LTE UE Category and Class Definitions
- LTE utilises UE or User Equipment categories or classes to define the performance specifications an enable base stations to be able to communicate effectively with them knowing their performance levels.
In the same way that a variety of other systems adopted different categories for the handsets or user equipments, so too there are 3G LTE UE categories. These LTE categories define the standards to which a particular handset, dongle or other equipment will operate.
LTE UE category rationale
The LTE UE categories or UE classes are needed to ensure that the base station, or eNodeB, eNB can communicate correctly with the user equipment. By relaying the LTE UE category information to the base station, it is able to determine the performance of the UE and communicate with it accordingly.
As the LTE category defines the overall performance and the capabilities of the UE, it is possible for the eNB to communicate using capabilities that it knows the UE possesses. Accordingly the eNB will not communicate beyond the performance of the UE.
LTE UE category definitions
there are five different LTE UE categories that are defined. As can be seen in the table below, the different LTE UE categories have a wide range in the supported parameters and performance. LTE category 1, for example does not support MIMO, but LTE UE category five supports 4x4 MIMO.
It is also worth noting that UE class 1 does not offer the performance offered by that of the highest performance HSPA category. Additionally all LTE UE categories are capable of receiving transmissions from up to four antenna ports.
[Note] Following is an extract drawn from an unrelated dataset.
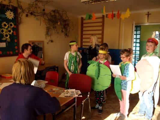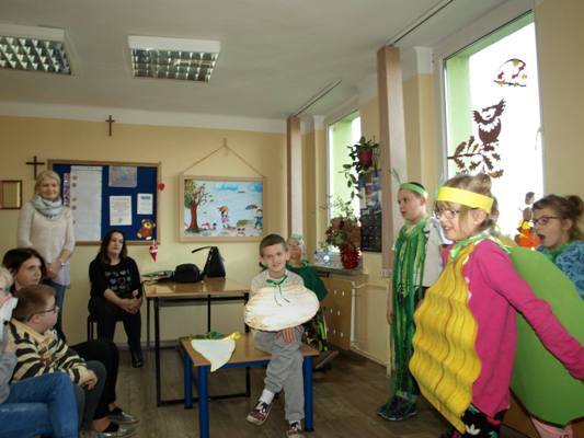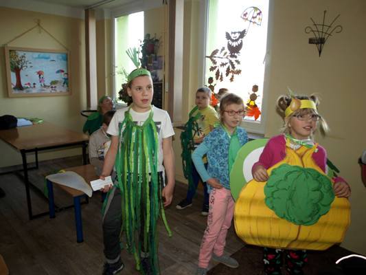Dnia 27 listopada 2018 r. uczniowie klasy trzeciej i drugiej w celu zrealizowania kolejnych zadań projektu ,,Zdrowo jem, więcej wiem” zaprezentowali swoim kolegom inscenizację ,,Na straganie” na podstawie wiersza Jana Brzechwy. Następnie wzięli udział w promocji zdrowej żywności w szkole. Odwiedzili zespoły rewalidacyjno - wychowawcze oraz przedszkolaki. Podczas promocji z gracją prezentowali warzywne stroje i odśpiewali piosenkę o ogórku. Stroje do przedstawienia uczniowie wykonali pod opieką pani Anny Jańczuk. Opiekunowie klas serdecznie dziękują za pomoc.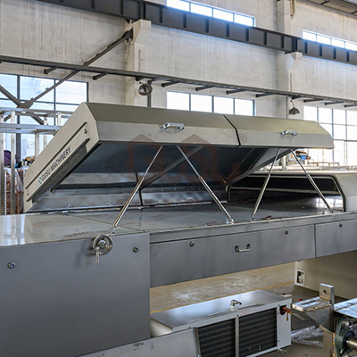 Los túneles de enfriamiento son adecuados para enfriar diversos bocadillos durante el moldeo, como dulces y productos de chocolate. Se pueden configurar tras una bañadora de chocolate. Después de que el producto se recubre con suspensión de chocolate, se transporta mediante una cinta transportadora al túnel de enfriamiento para enfriarlo, permitiendo que la suspensión de chocolate se solidifique en la superficie del producto. El túnel de enfriamiento se puede adaptar a la salida de la bañadora de chocolate anterior. La máquina tiene una estructura compacta y un funcionamiento estable.

A summary of the different LTE UE category parameters is given in the tables below.
|Headline data rates for LTE UE Categories|
While the headline rates for the different LTE UE categories or UE classes show the maximum data rates achievable, it is worth looking in further detail at the underlying performance characteristics.
|UL and DL parameters for LTE UE Categories|
|Max number of DL-SCH transport block bits received in a TTI||10 296||51 024||102 048||150 752||302 752|
|Max number of bits of a DL-SCH block received in a TTI||10 296||51 024||75 376||75 376||151 376|
|Total number of soft channel bits||250 368||1 237 248||1 237 248||1 827 072||3 667 200|
|Maximum number of supported layers for spatial multiplexing in DL||1||2||2||2||4|
|Max number of bits of an UL-SCH transport block received in a TTI||5 160||25 456||51 024||51 024||75 376|
|Support for 64-QAM in UL||No||No||No||No||Yes|
From this it can be seen that the peak downlink data rate for a Category 5 UE using 4x4 MIMO is approximately 300 Mbps, and 150 Mbps for a Category 4 UE using 2x2 MIMO. Also in the Uplink, LTE UE category 5 provides a peak data rate of 75 Mbps using 64-QAM.
DL-SCH = Downlink shared channel
UL-SCH = Uplink shared channel
TTI = Transmission Time Interval
LTE UE category summary
In the same way that category information is used for virtually all cellular systems from GPRS onwards, so the LTE UE category information is of great importance. While users may not be particularly aware of the category of their UE, it will match the performance an allow the eNB to communicate effectively with all the UEs that are connected to it.